途中、アリシアさんの死体のある通路を通った。フィーナさんが悲しそうに目を伏せて、アリシアさんの首のない体に、どこから取り出したのか、一輪の花を手向けていた。白い花だ。何か謂れがあるのかもしれないが、今尋ねるのは憚られた。
広い通路に出る。流石にここには斑食虫がまだ結構な数残っていた。シアラが威嚇しながら、襲いかかってきたものだけ撃破していく。ネディアさんたちの死体を調べて魔法具を回収することも考えていたが、断念せざるを得ないようだった。
広い通路に接続されている細い通路から一つを選んで進む。そこから先でも魔造生物はいたが、灰色のトカゲのようなやつや、ユルズが昨日倒していた四本足の蜘蛛のようなものも多くなってくる。……シアラが暴れたので、問題は何も起こらなかったのだけれど。
「素晴らしいわね。ネディアがいたら、泣いて喜んだでしょうに」
ランタンで照らしたその大きな扉。見上げる程の大きさの扉に描かれているのは、蛇と蜘蛛を象ったように見える紋章だった。周囲にころがっているのは、八本足の魔造生物の死体だ。シアラが片付けたものだが、数が多い。
「この先、ですね。恐らく造器があります」
遺跡の様々な場所から集められた魂が、この先で集まって、再び生まれている。やがてそれは門の隣、天井付近に空けられた大きな横穴から這い出してくる。

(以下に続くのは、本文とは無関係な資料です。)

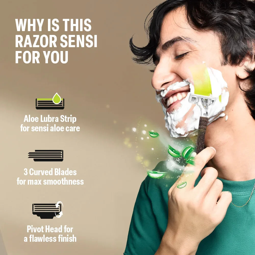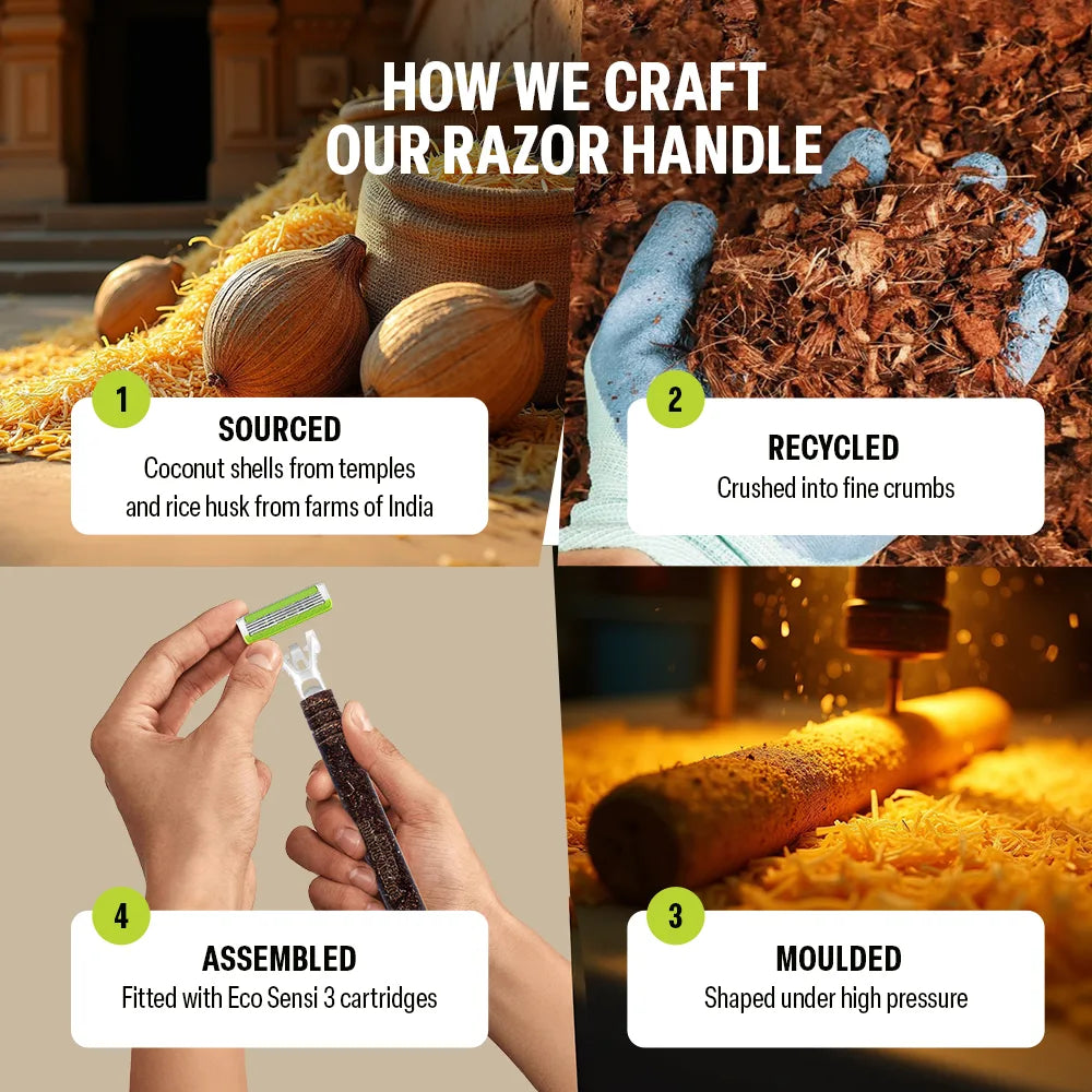 Eco Sensi 3 combines environmental responsibility with exceptional shaving. The handle uses recycled coconut shells and rice husk from Indian temples and farms, creating a durable eco-alternative to plastic. Triple curved blades provide close, comfortable shaves with minimal irritation, while the aloe vera lubrication strip soothes and hydrates skin. Each cartridge delivers up to 15 shaves for cost-effective sustainability, featuring an ergonomic design for comfortable grip and precise control.

八本足の魔造生物が二体。横穴から飛び降りてくるーーが、一体は飛び上がったシアラに吹き飛ばされ、もう一体を巻き添えにして壁に激突した。あとは雑な蹂躙劇だった。
なんで地上で死者出したんだろ、この子。二本爪の魔造生物がヤバかったんだろうか。
フィーナさんがため息をつく。
「とりあえず周りはシアラに任せてれば良いみたいだけれど、どうする? この扉、開けるの?」
「あ、はい。ちょっと待ってください。これ多分、水を舐める猫の稀覯書塔と似た扉です」
「アレと似た扉って、ほぼ開くのは無理じゃない」
「まあまあ、ちょっと待ってくださいって。多分できますから」
怪訝そうなフィーナさんを余所に、俺は《呪文の王》の権能を発動する。